15%, down from 27.5%. Before July 1, 2026, EU-built vehicles paid 2.5% MFN plus the 25% Section 232 auto tariff. The deal's 15% ceiling applies in lieu of Section 232 for EU autos and auto parts. Autos from Japan, Korea, and other non-EU origins still pay the full 25% Section 232.
Are EU steel and aluminum included in the 15% deal rate?
No. EU-origin steel and aluminum remain at 50% Section 232 — the deal leaves metals subject to further negotiation. Alcoholic beverages are also flagged for continued talks. Articles wholly of steel or aluminum pay 50%; derivative articles pay the 25% tier on full customs value.
What changes on September 1, 2026?
The US applies MFN-only treatment (dropping the 15% ceiling) to three groups of EU goods: unavailable natural resources including cork, all aircraft and aircraft parts, and generic pharmaceuticals plus their ingredients and chemical precursors. For most of these lines MFN is 0%, so they effectively go duty-free.

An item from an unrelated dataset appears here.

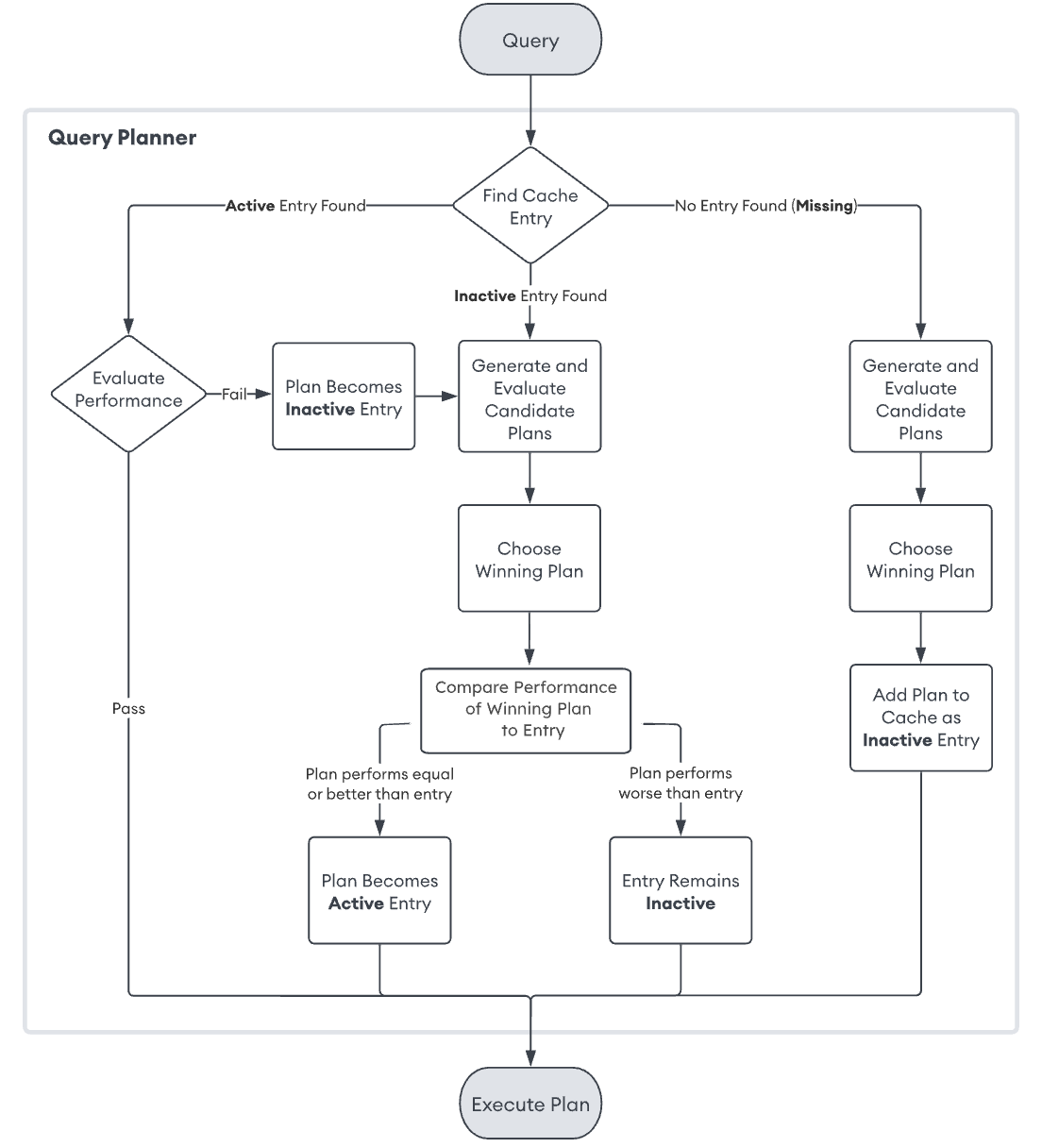 서버는 쿼리 플랜의 캐시를 유지하는데, 승리한 플랜은 차후 모양이 같은 쿼리에 사용하기 위해 캐시에 저장한다.

Does the July 24 Section 122 expiry affect EU imports?
No. The deal rate replaced Section 122 for EU-origin goods on July 1, 2026, so the July 24 expiry — and the proposed 12.5% Section 301 duties on 46 other countries — doesn't move EU rates. The 15% all-inclusive ceiling is set by the deal's own framework, giving EU sourcing a known, capped rate while most other origins face a July rate cliff.